Our Cluster The BBC Bioinformatics Facility Dell cluster consists of numerous nodes, each of which is a separate machine with its own hard drive and 2 processors, each having 4 cores. Normally, a single job requires one core, so a single node could run 8 separate analyses simultaneously. A job is always started on the head node, which is the node you are using when you log in to the cluster. Your job may or may not run on the head node; it is up to the scheduler software to decide where your job will run. The software that manages your run is known as the Sun Grid Engine, or SGE for short. It schedules jobs to run in a cluster environment and utilizes system resources in the most efficient way possible. SGE consists of several programs (qsub, qstat, etc.) that you will use to get your run started and check in on its progress.
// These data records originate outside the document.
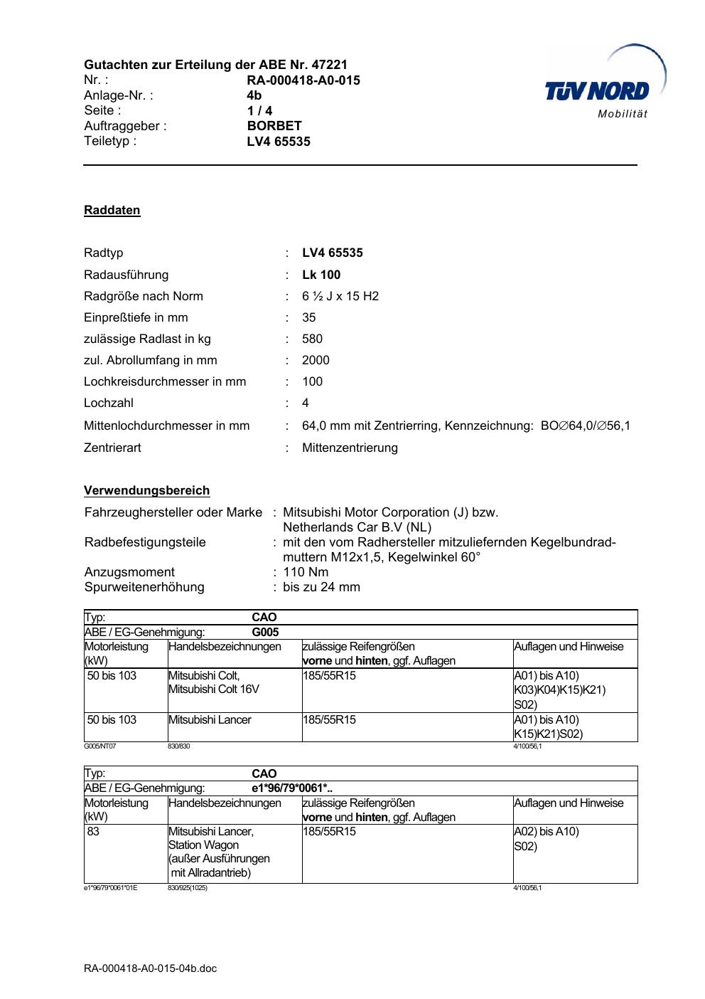 Dieses Gutachten (abe) bezieht sich auf die Alufelge Borbet LV4 65535 in der Ausführung ET 0, Mittenloch 0 mm (KBA 47221). Im PDF findest du typischerweise zulässige Reifengrößen, Auflagen/Anbauhinweise und – je nach Dokument – Hinweise zur Eintragung.
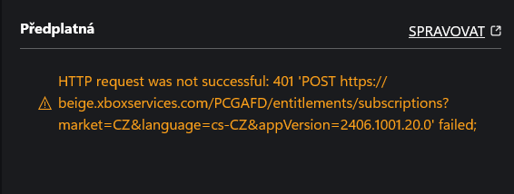 Dobrý den, neustále mě zlobí přihlášení v aplikaci Xbox na Windows 11. Pomůže když se všude odhlásím z Microsoft účtu a znovu se přihlásím, bohužel se to vždy vrátí zpět. Tady přidávám co mi aplikace hlásí... Děkuji
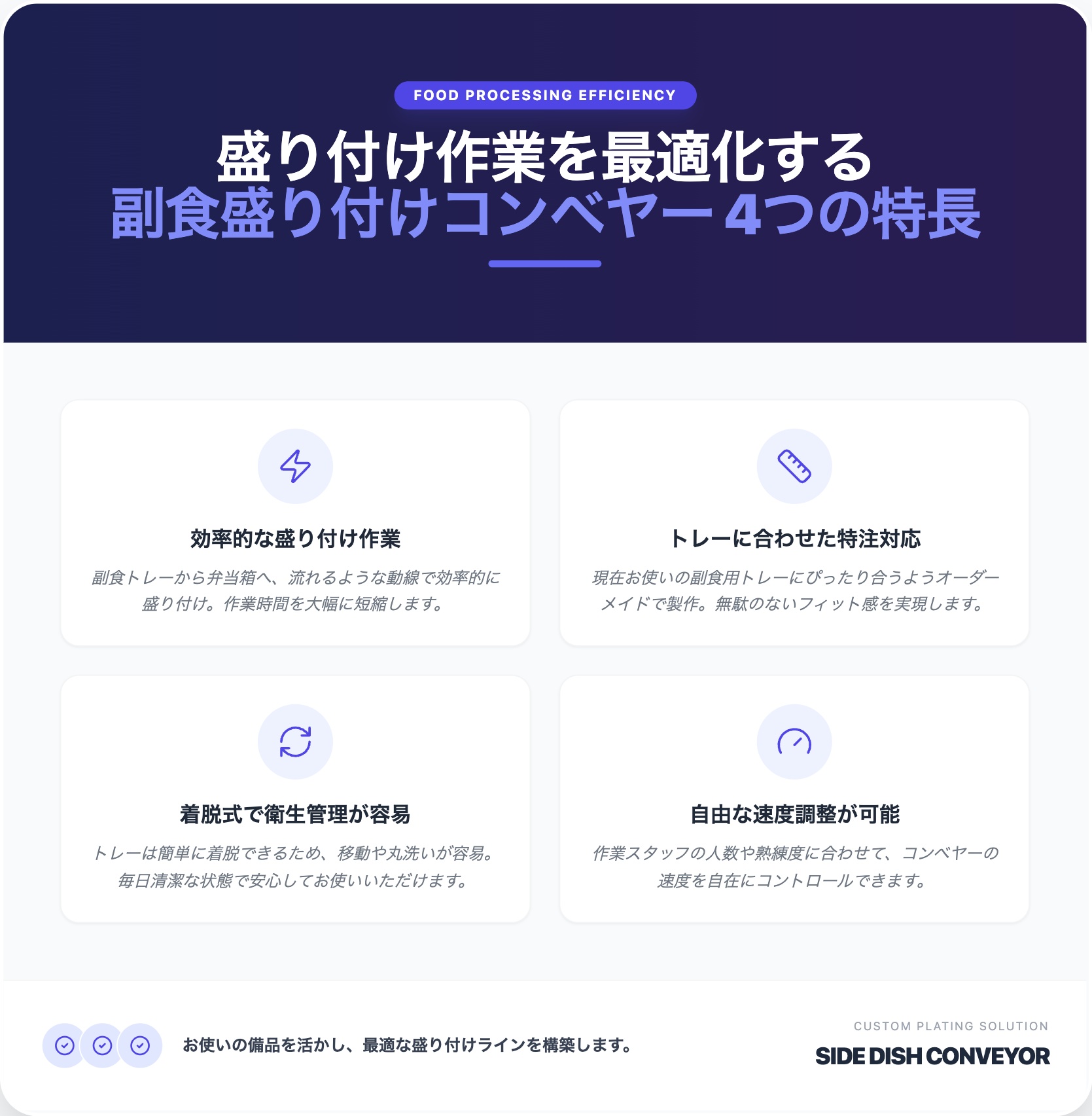 盛り付け作業を、正確に・効率よく。 八木厨房が大量調理・弁当製造の現場に向けて設計した、副食専用の盛り付けコンベアーです。 コンベアー上に配置された副食用トレーから、流れてくるお弁当箱へ順に盛り付けを行うことで、作業動線をシンプルにし、スピードと均一性を高めます。 トレーは、現在ご使用中のサイズ・形状に合わせたオーダーメイド製作が可能。 また、トレーは取り外して移動できるため、仕込み・洗浄・段取り替えもスムーズです。 コンベアーの搬送速度は調整可能。 作業人数や献立内容に応じて、無理のないペースで運用できます。 病院・スーパー・給食センター・コンビニなど、 安定した品質と処理量が求められる現場で多数導入されています。 現場のレイアウト・製造量に合わせたライン設計・特注対応も承ります。 八木厨房が、盛り付け工程の“ムダ”を減らします。
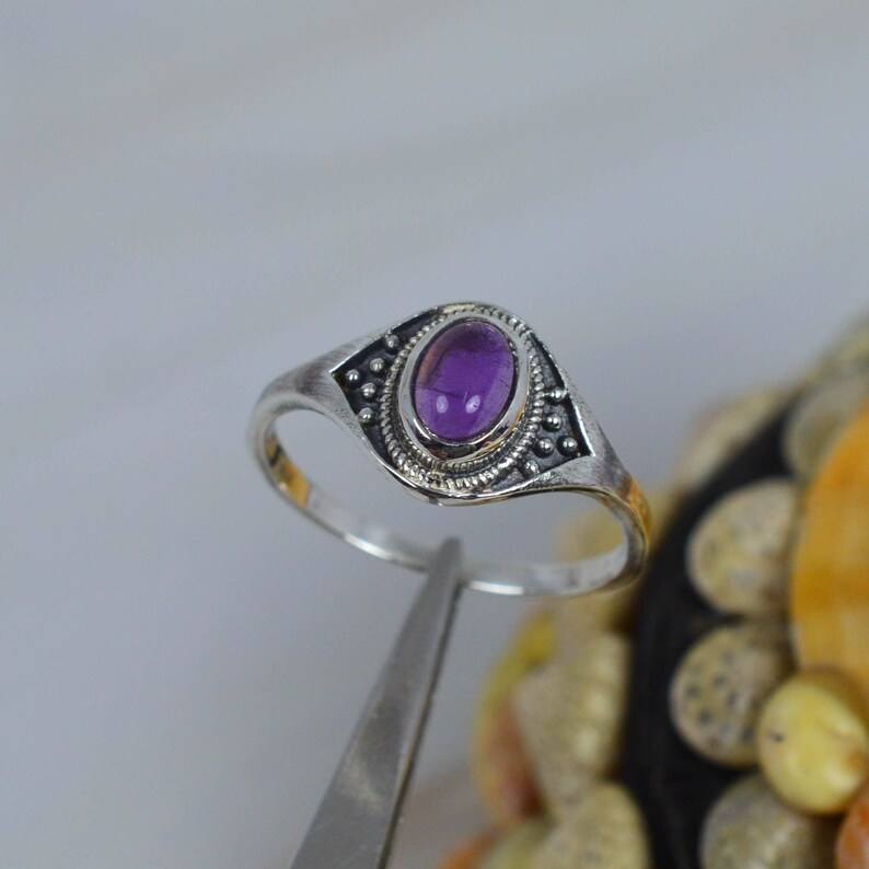 Purple Amethyst Ring 925 Sterling Silver Handmade Jewelry February Birthstone Oval Gemstone Ring for Women

In order to display graphics from the cluster, we need a software that allows one to use Linux graphical applications remotely. Xming and Xquartz are the display options available for windows and mac respectively. (Download and install it on your local computers)
Windows: Xming
Mac: Xquatz
NOTE: Start the X Server on your machine (Xming/Xquartz), each time you reboot your PC or whenever you want to use X Windows. Once enabled, Xming will appear in your system tray as a black X with an orange circle around the middle.
To log-in to the head node of the cluster run the command Mac or Linux terminal:
ssh your_username@bbcsrv3.biotech.uconn.edu or ssh –X your_username@bbcsrv3.biotech.uconn.edu
-X is to enable X11 forwarding to enable graphics display from cluster.
Windows users will need to use an SSH client to connect to the cluster. Please refer to the PuTTY guide on tutorial section.
Install Putty and configure for use.
Putty Configuration steps.
Open Putty it will open window1.
- Provide host name e.g. your_username@bbcsrv3.biotech.uconn.edu
- Expand SSH tab and select X11 (shown in window2)
- Enable X11 forwarding by selecting it. (window2)
- Scroll up the left panel and select Session.(window1)
- Name your session e.g. BBC_cluster and click save tab to save.
- Your session name should appear in saved sessions.
Double click on your session name to connect to server with SSH session.
SSH logins from outside the UConn domain SSH logins from outside the UConn domain (UConn-Storrs, UConn-Avery Point, UCHC) must now use the UConn VPN client prior to connecting through your usual SSH client.
Windows and OS X: Junos Pulse:
Please see http://remoteaccess.uconn.edu/vpn-overview/connect-via-vpn-client/ for instructions on setting up a Junos Pulse VPN client.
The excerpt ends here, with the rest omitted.